Our study is divided into two parts: The first part studies effects, which are observable within simulation times covering a few ps, and addresses questions like the accuracy of force approximation and the size of the energy drift caused by algorithmic noise. As our sample system we have chosen here the small protein bovine pancreatic trypsin inhibitor (BPTI), which is frequently used as a test system for evaluation of simulation methods [53, 7, 54, 3]. We embedded BPTI in a water shell of 27Å radius, comprising a total of 7,147 atoms.

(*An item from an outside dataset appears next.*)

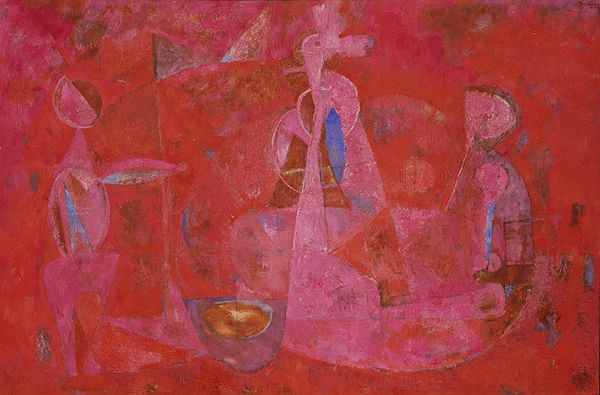 Curator: Leonora Carrington created this striking gouache painting, titled "Operation Wednesday" in 1969. What's your first reaction to it? Editor: Eerily captivating. There's a pallid dreaminess to the colors, almost like a faded photograph, yet the scene itself is so precisely rendered. I am curious about those white figures in the scene. Are they medical staff, perhaps? Curator: They could be. Carrington fled Europe during the Second World War and witnessed institutional violence firsthand. Her time spent in asylums during the period profoundly influenced her work. Note how these spectral figures, with their vaguely medical garb, seem to both attend to and possibly threaten the veiled figure at the center. Editor: The act of veiling feels key here. The use of black in stark contrast to the clinical white creates this sense of both concealing and exposing, which could extend to notions of patient confidentiality but could just as well allude to some more complex interplay of dominance in gender. Then there is that singular eye. Curator: Absolutely, and this work could easily be viewed in light of its political and social contexts: anxieties of the time and also Leonora Carrington's background. "Operation Wednesday," might refer ironically to routines enacted upon marginalized individuals within these total institutions and other sites of social control, reflecting an era ripe with protests and resistance. Editor: Thinking about this picture's making process, using gouache in this way really highlights the luminosity while retaining a certain opaqueness. The method aligns beautifully with the painting's dreamlike and almost hallucinatory atmosphere. Is the format chosen to connect painting to labor? Curator: I don't think so. Carrington never subscribed to standard expectations, either artistically or personally. This painting showcases Carrington’s ongoing critique of institutions through an ethereal technique. Editor: In other words, technique isn’t merely ornamental; the painting technique informs meaning. Thinking through the making illuminates how these paintings act not just as representation, but interventions, that destabilize set historical, and hierarchical assumptions. Curator: Yes. Looking closely and thinking broadly about the artwork reveals the power it has and encourages conversation. Editor: Indeed. And it all begins with that strange composition and how its execution in gouache plays a role in reinforcing it.

The second part serves to estimate algorithmic accuracy with respect to effects on longer time scales. For that purpose the sample system introduced above is prohibitively large as far as the intended reference simulations are concerned, since these require the computationally very expensive evaluation of the Coulomb sum, eq. (1). Therefore we had to choose here a much smaller sample system, namely BPTI in vacuo comprising only 568 atoms. The test simulations from which we have extracted regular statistical observables for our quality estimates covered 1.2ns each.
Since it is well known that for realistic protein simulations the natural environment has to be included [6, 7, 55, 4] a note on our choice of an in vacuo test system is necessary: Concerning our long time simulations we do not aim to evaluate the quality of the physical model of the protein, which, here, may be poor. Rather, we want to check to what extent our algorithmic approximations affect the molecular dynamics of our given model. For that purpose, the physical model used here does not necessarily have to be very accurate as long as possible artifacts in realistic applications are likely to show up in our test simulations, too.

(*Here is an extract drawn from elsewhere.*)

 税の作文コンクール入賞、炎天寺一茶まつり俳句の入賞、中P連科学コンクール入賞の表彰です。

All test simulations were carried out with the MD program EGO_VIII , which employs the CHARMM force field . Non-polar hydrogen atoms were represented by compound atoms , and the lengths of chemical bonds involving polar hydrogen atoms were fixed using the SHAKE algorithm . An integration step size of 1fs was used. Water molecules were described by the TIP3 model . The interaction list was updated every 64-th integration step. For the cutoff simulations a cutoff distance of 9Å and a switching function  were chosen. Translations and rotations of the protein were eliminated as described in refs.  and . Prior to the test simulations, BPTI in vacuo and the BPTI-water system were equilibrated for 50ps and 70ps, respectively, using the reference method. For the long-time simulations of BPTI in vacuo the temperature was kept fixed at 300K by weakly coupling the system to a heat bath using a coupling constant of s as defined in refs.  and . In contrast, the short-time simulations of the large BPTI-water system were carried out in the microcanonical ensemble as to enable an estimate, to what extent algorithmic artifacts entail violations of energy conservation.

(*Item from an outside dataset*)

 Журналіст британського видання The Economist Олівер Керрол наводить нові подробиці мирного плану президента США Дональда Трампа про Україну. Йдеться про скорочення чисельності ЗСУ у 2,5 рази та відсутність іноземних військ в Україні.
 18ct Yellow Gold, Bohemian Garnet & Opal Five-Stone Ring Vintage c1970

For the first part of our quality estimates we will compare results of simulations obtained by the supposedly exact reference method with results obtained by SAMM, FAMUSAMM/linear and FAMUSAMM/DC-1d. Here, comparisons with the cutoff method are superfluous, since related accuracy tests comparing the various versions of SAMM with that method have been published previously [19, 18]. By these tests the superiority of the SAMM algorithms as compared to the conventional cutoff procedure has been convincingly demonstrated. Thus, it solely remains to be checked, to what extent our FAMUSAMM approach preserves the advantages of its parent method.
For the second part we have performed 1.2ns test simulations utilizing all methods under consideration. Here we have included the cutoff approach, since related investigations have not yet been published. Due to the statistical nature of our observables a second 1.2ns test simulation was necessary for the reference method in order to enable an estimate of the sizes of statistical fluctuations. Only upon such estimates algorithmic artifacts can be identified and can be distinguished from inevitable fluctuations of the necessarily statistical observables compared. The initial conditions of the first reference simulation and of the test simulations for the approximate methods were chosen as the atomic positions and velocities obtained after equilibration. For the second reference simulation these initial positions were modified by extremely small random amounts. Note that the chaotic character of protein dynamics ensures complete decorrelation of the two reference simulations within a few picoseconds.